» TRY IT: The lines to be extracted begin at the line containing "(3)但是如果提交任务时,池" and end at the last line of the data below; copy them exactly and leave out the pictures.

» DATA SHOWN:
+++
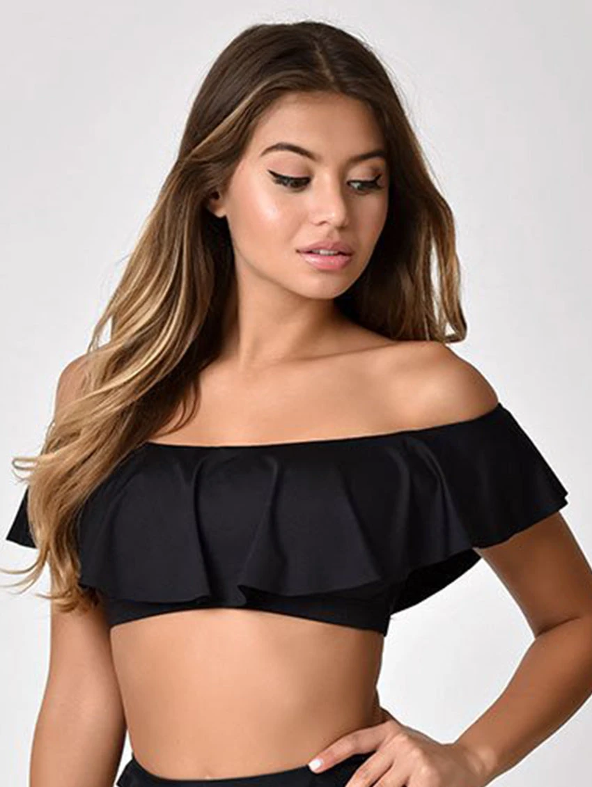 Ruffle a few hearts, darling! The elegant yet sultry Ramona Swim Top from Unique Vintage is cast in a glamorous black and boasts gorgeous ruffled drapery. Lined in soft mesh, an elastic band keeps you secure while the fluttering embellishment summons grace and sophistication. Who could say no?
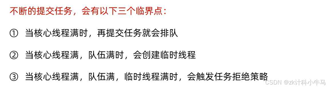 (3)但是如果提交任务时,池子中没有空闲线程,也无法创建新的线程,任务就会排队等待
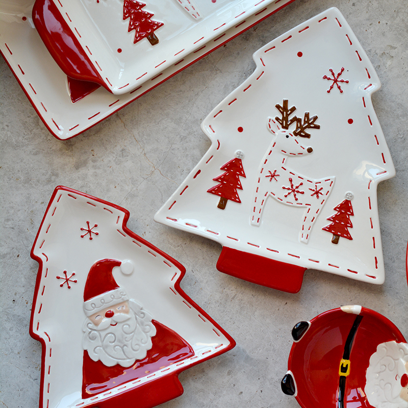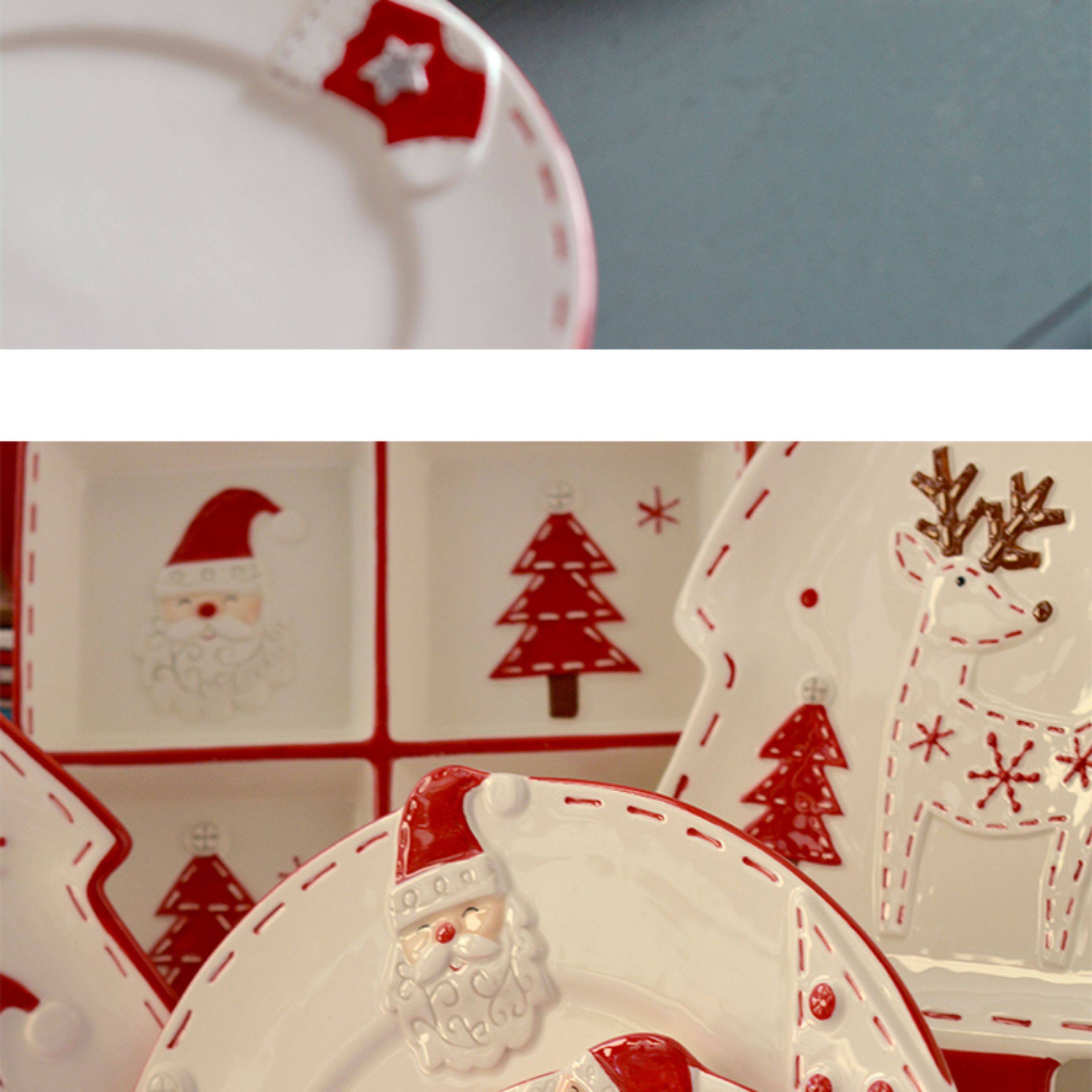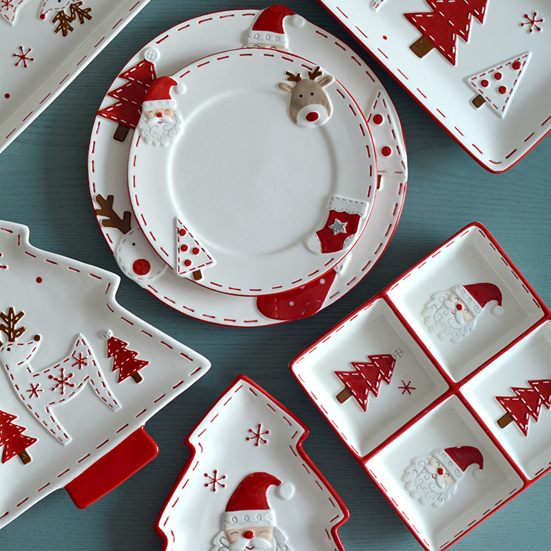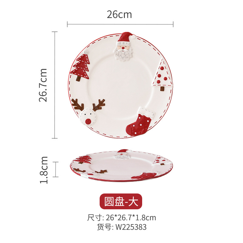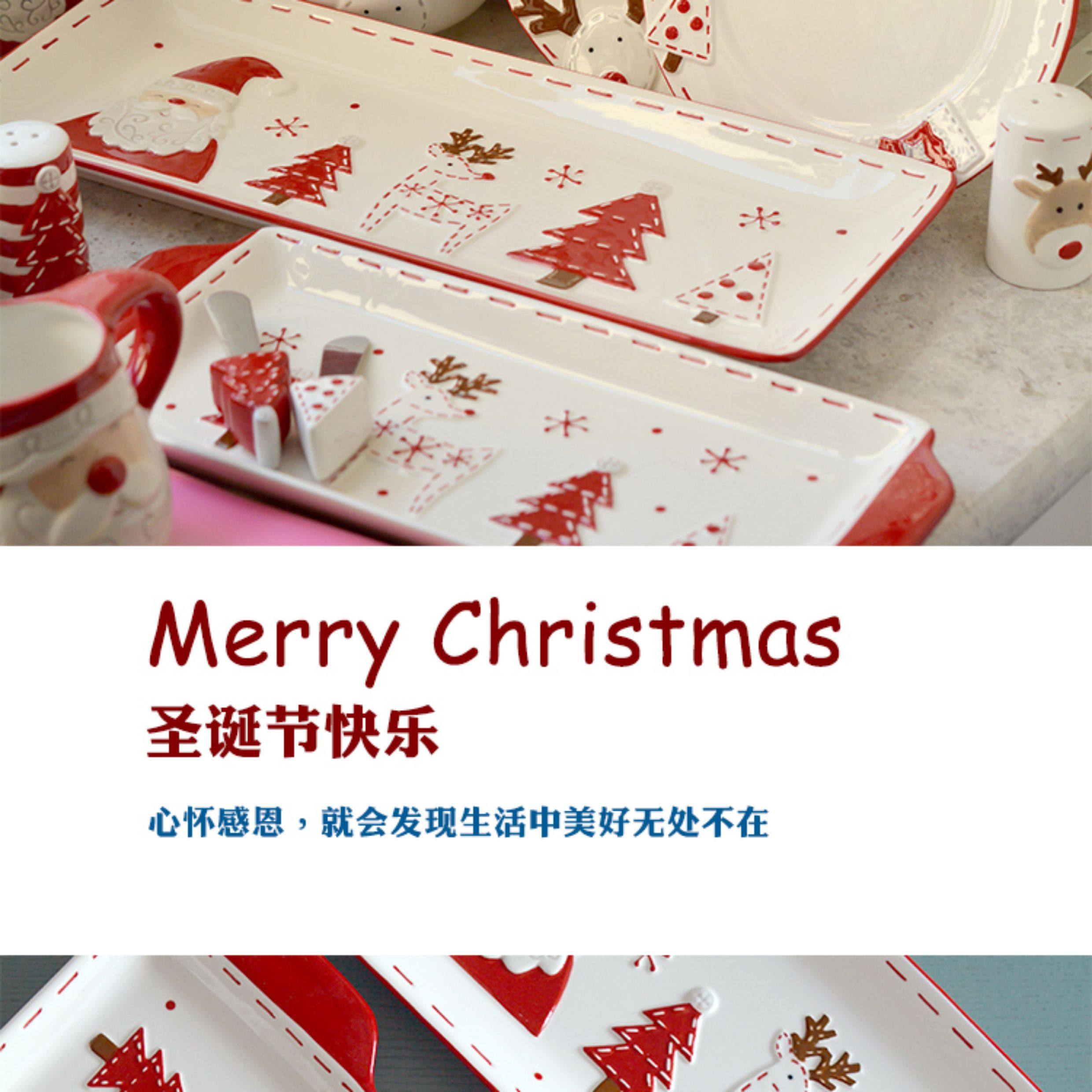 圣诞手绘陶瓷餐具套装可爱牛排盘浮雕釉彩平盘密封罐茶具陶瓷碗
+++
» RESULT:
 (3)但是如果提交任务时,池子中没有空闲线程,也无法创建新的线程,任务就会排队等待
 圣诞手绘陶瓷餐具套装可爱牛排盘浮雕釉彩平盘密封罐茶具陶瓷碗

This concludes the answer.